Working from the data below, write out exactly the lines from its first through the line that contains "John Selby is", both ends included and pictures omitted.

[Collected data]

____________

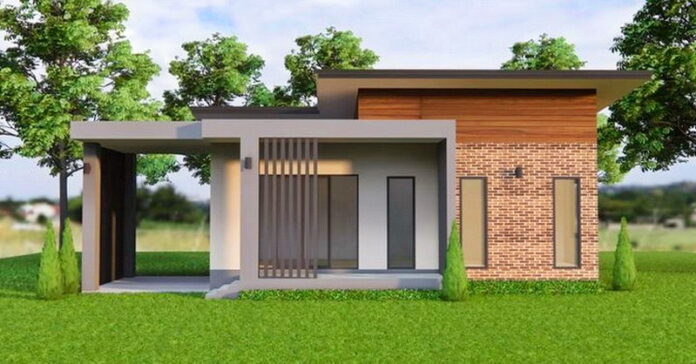 แบบบ้านสไตล์โมเดิร์น หลังนี้เป้นผลงานการออกแบบโดย แบบบ้าน นำโชค ซึ่งได้ออกแบบบ้านพร้อมแปลนสำเร็จรูปให้ผู้ที่สนใจติดต่อซื้อไปสร้างบ้านได้เลย เป็นบ้านหลังขนาดพอเหมาะที่มีครบทุกฟังก์ชัน เหมาะกับเพื่อน ๆ ที่กำลังมองหาไอเดียเพื่อบ้านหลังแรกเลยล่ะ
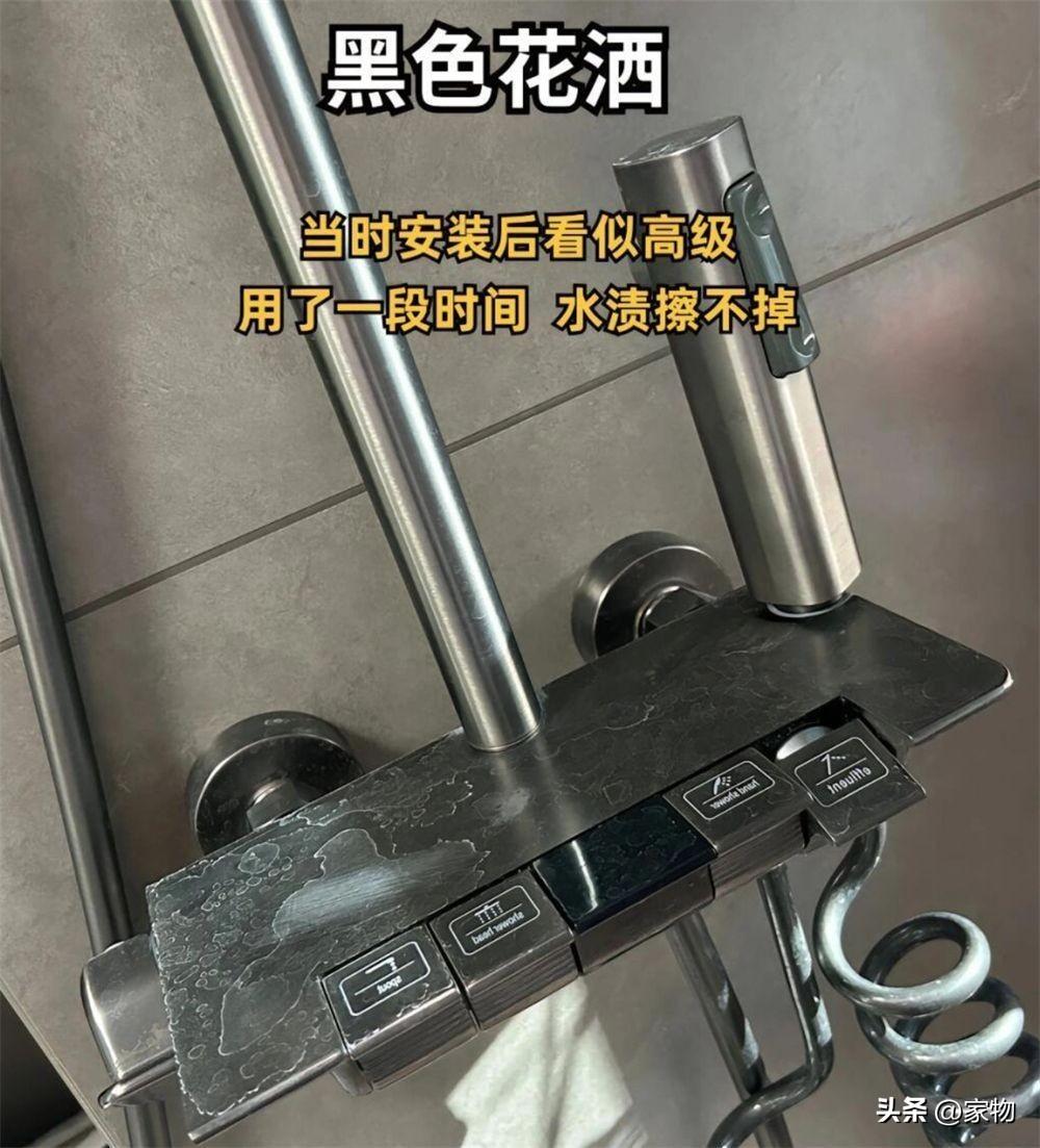 純黑色的花灑,看起來酷酷的,用起來累累的,肥皂水垢很容易附着在花灑上面,造成髒污,清潔起來又很費力,遠不如銀色和白色的花灑(白色花灑也可能有青苔和生鏽磕碰問題)。
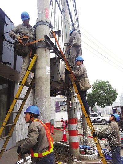 为确保春节供电畅通,连日来,市供电局对我市多个村庄、路段的供电变压器进行增容,拆旧换新。目前已对28个村、34台变压器进行增容,增容总量达4945千伏安,预计本周内可结束全部更换工作。图为工作人员正在市区长春路更换变压器。
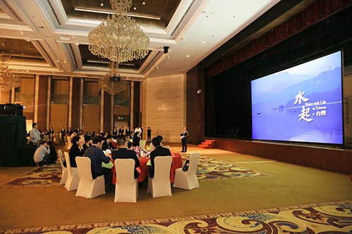 圖7 午餐期間與會(huì)嘉賓一同觀看由臺(tái)達(dá)8K投影儀呈現(xiàn)的8K影片《宜居江南——中達(dá)低碳住宅》及《水起 臺(tái)灣》。
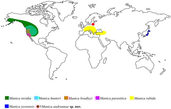 Diagrammatic representation of the distribution of the Manica species: filled and shaded area—recent species; red circle—fossil record from Baltic amber.
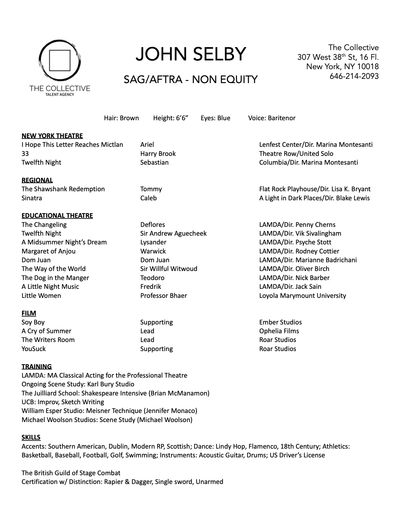 John Selby is a New York-based actor, playwright, and screenwriter. Originally from Cleveland, Ohio he holds a BA in Screenwriting from Loyola Marymount University and an MA in Classical Acting for the Professional Theatre from LAMDA. He has previously studied under Jennifer Monaco, Michael Woolson, and Brian McManamon and currently trains with Karl Bury. With a background in screenwriting, he brings a strong sense of story, rhythm, and subtext to performance and is drawn to complex characters navigating identity, family, and grief.
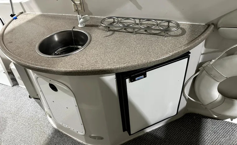 Freshwater / Great Lakes boat since new this vessel features Twin Volvo 8.1-litre Gi 375-hp Gas Inboard Engine's with 643-Hours showing on meters in bilge. Notable features include but are not limited to the following: Air-Conditioning & Heat (1-Unit), Head (Vacuflush) w/Vanity/Sink/Stall-Shower, Central Vacuum System, Kohler 7.3kw Generator (240-Hours), Windlass Anchor w/Forward Pedal-Controls, Complete Electronics Package (VHF Marine Radio, Depth/Speed, New Garmin Radar and New Garmin/GPS/Chartplotter, Raymarine Autopilot, Upgraded Fusion Stereo w/Premium Sound System w/iPod/MP3-Connection, Cockpit Wet Bar w/Sink/Ice-Maker/Refrigerator, Full Camper-Top Canvas Package w/Screens, Mooring Cover and MUCH more!
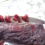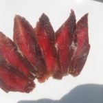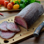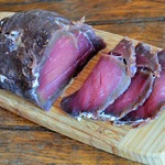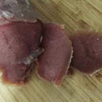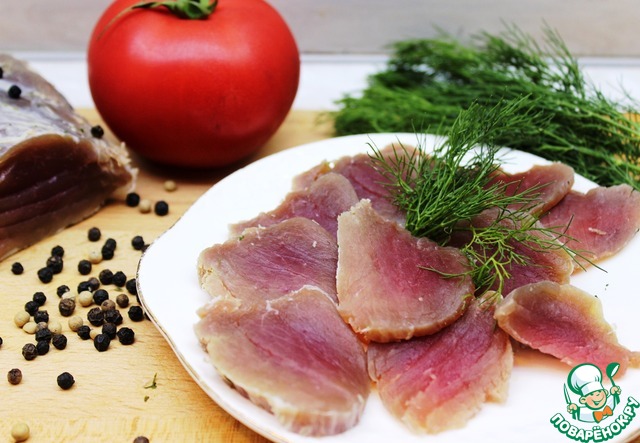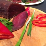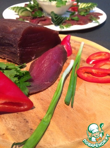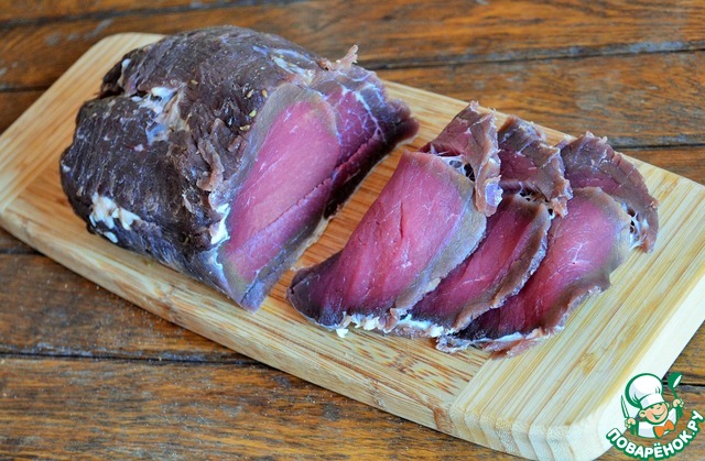 Такое мясо можно долго хранить на нижней полке холодильника Положите его на абсорбирующую бумагу и иногда переворачивайте. Не во что не заворачивать! И на любой праздничный стол у вас всегда будет в арсенале вкуснейшая закуска. Останется, только приготовить соус. Но, все же вкуснее всего оно свежеприготовленное в подаче с соусом. На фото – это первая стадия вымоченного мяса в водке, со временем оно будет темнеть. Приятного!!
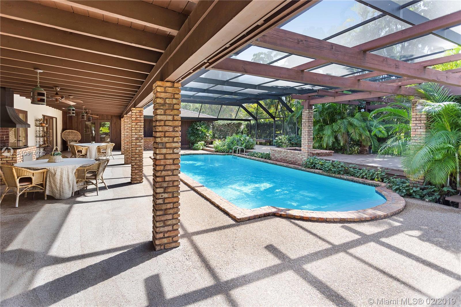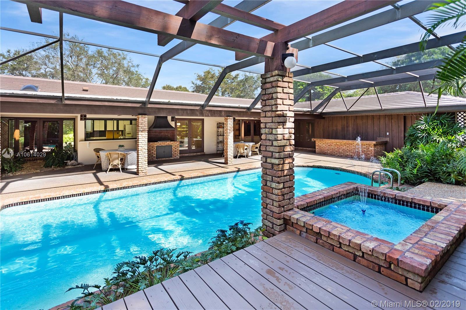 This spacious 4 bed/3.5 bath 4,210 sq ft home is situated on the highly desirable area of Pine Bay Estates in Coral Gables, with excellent schools nearby and enhanced security. The inviting interiors feature a formal dining room, living room and spacious bedrooms with walk-in closets. The split bedroom floorplan provides more privacy in the master bedroom that comes with a marble master bath. A spacious kitchen with breakfast area overlooks the outdoors, with pool, built-in bbq, bar, raisen wooden deck and brick fountain. The home also features a 2-car garage and new roof.
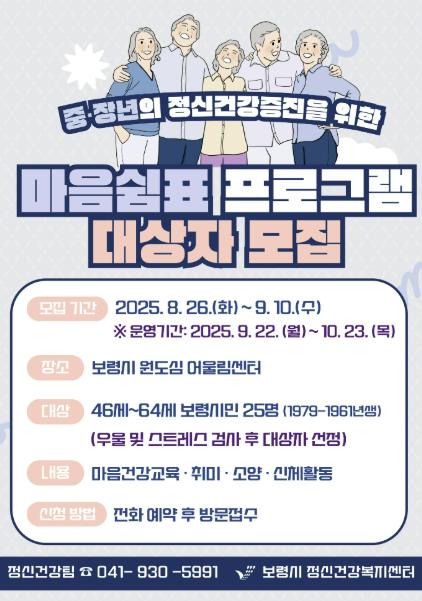 ‘마음쉼표 프로그램’은 9월 22일부터 10월 23일까지, 매주 월요일과 목요일 보령 원도심 어울림센터에서 총 8회기로 진행된다.
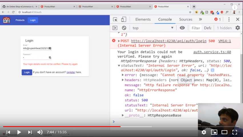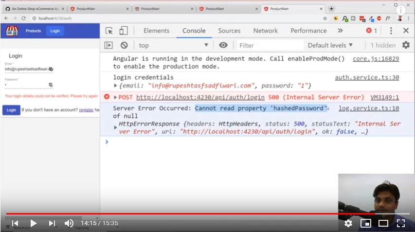 As we discussed in our previous video session Designing Shopping Page Using Angular Material Grid And Card | 0009-26, our web app is now growing as we are adding more features into it and making its design better. Since our application is growing, now the most important challenge is to handle the server side errors properly and sending adequate information to client side. We will see in this demo session Handling Server Side HTTP Error | 0009-27 what are all the problems we have in our code and how to rectify them through proper error handling.
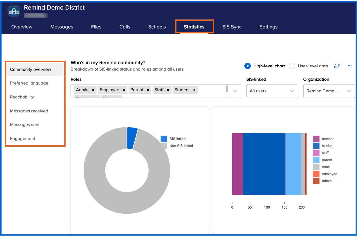 If you click on any of the statistics in the Overview dashboard, you'll be taken to the Statistics page, where you can obtain detailed information about the breakdown of the roles in each school and the SIS-linked status of the community members.
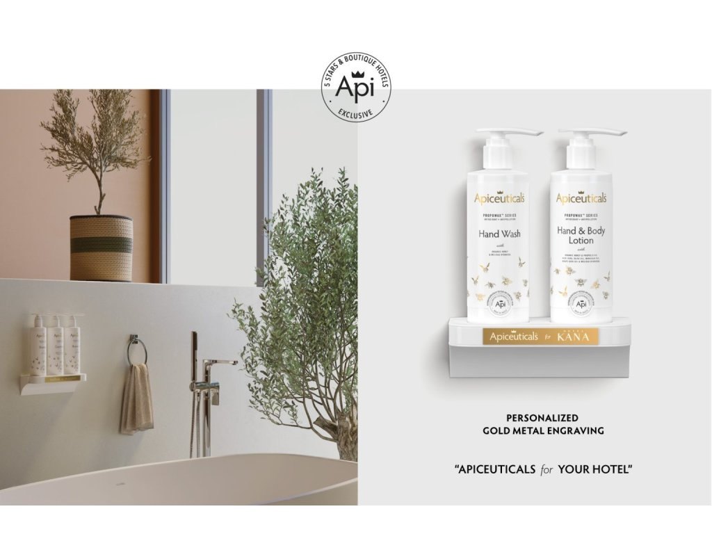 Steigern Sie das Gästeerlebnis: Die luxuriöse Kosmetiklinie von APICEUTICALS stärkt das Markenimage Ihres Hotels. Sie fördert den Produktabsatz und steigert den Umsatz. Mit Markenetiketten und gravierten Goldplaketten wird Ihr Hotel mehr als nur eine Unterkunft – es ist ein Statement. Beeindrucken Sie Ihre Gäste mit der faszinierenden Geschichte der Bienen. Die Geschichte wird durch eindrucksvolle Designs präsentiert, die sich an das Ambiente jedes Hotels anpassen lassen.
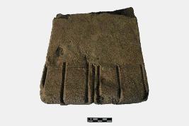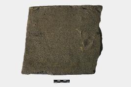 | Description / विवरण | It is an asymmetric fragment of a rectangular terracotta brick with plain uneven surface and partially chipped off edges. Two sets of telescopic slabs are curved in the slightly rounded stretcher surface of the brick. It was originally made of coarse-grained red clay. Signs of weathering are prominent from the flaking and scratches. The cross-section of the brick confirms its gritty texture. |

____________

*Answer to the problem:*
 แบบบ้านสไตล์โมเดิร์น หลังนี้เป้นผลงานการออกแบบโดย แบบบ้าน นำโชค ซึ่งได้ออกแบบบ้านพร้อมแปลนสำเร็จรูปให้ผู้ที่สนใจติดต่อซื้อไปสร้างบ้านได้เลย เป็นบ้านหลังขนาดพอเหมาะที่มีครบทุกฟังก์ชัน เหมาะกับเพื่อน ๆ ที่กำลังมองหาไอเดียเพื่อบ้านหลังแรกเลยล่ะ
 純黑色的花灑,看起來酷酷的,用起來累累的,肥皂水垢很容易附着在花灑上面,造成髒污,清潔起來又很費力,遠不如銀色和白色的花灑(白色花灑也可能有青苔和生鏽磕碰問題)。
 为确保春节供电畅通,连日来,市供电局对我市多个村庄、路段的供电变压器进行增容,拆旧换新。目前已对28个村、34台变压器进行增容,增容总量达4945千伏安,预计本周内可结束全部更换工作。图为工作人员正在市区长春路更换变压器。
 圖7 午餐期間與會(huì)嘉賓一同觀看由臺(tái)達(dá)8K投影儀呈現(xiàn)的8K影片《宜居江南——中達(dá)低碳住宅》及《水起 臺(tái)灣》。
 Diagrammatic representation of the distribution of the Manica species: filled and shaded area—recent species; red circle—fossil record from Baltic amber.
 John Selby is a New York-based actor, playwright, and screenwriter. Originally from Cleveland, Ohio he holds a BA in Screenwriting from Loyola Marymount University and an MA in Classical Acting for the Professional Theatre from LAMDA. He has previously studied under Jennifer Monaco, Michael Woolson, and Brian McManamon and currently trains with Karl Bury. With a background in screenwriting, he brings a strong sense of story, rhythm, and subtext to performance and is drawn to complex characters navigating identity, family, and grief.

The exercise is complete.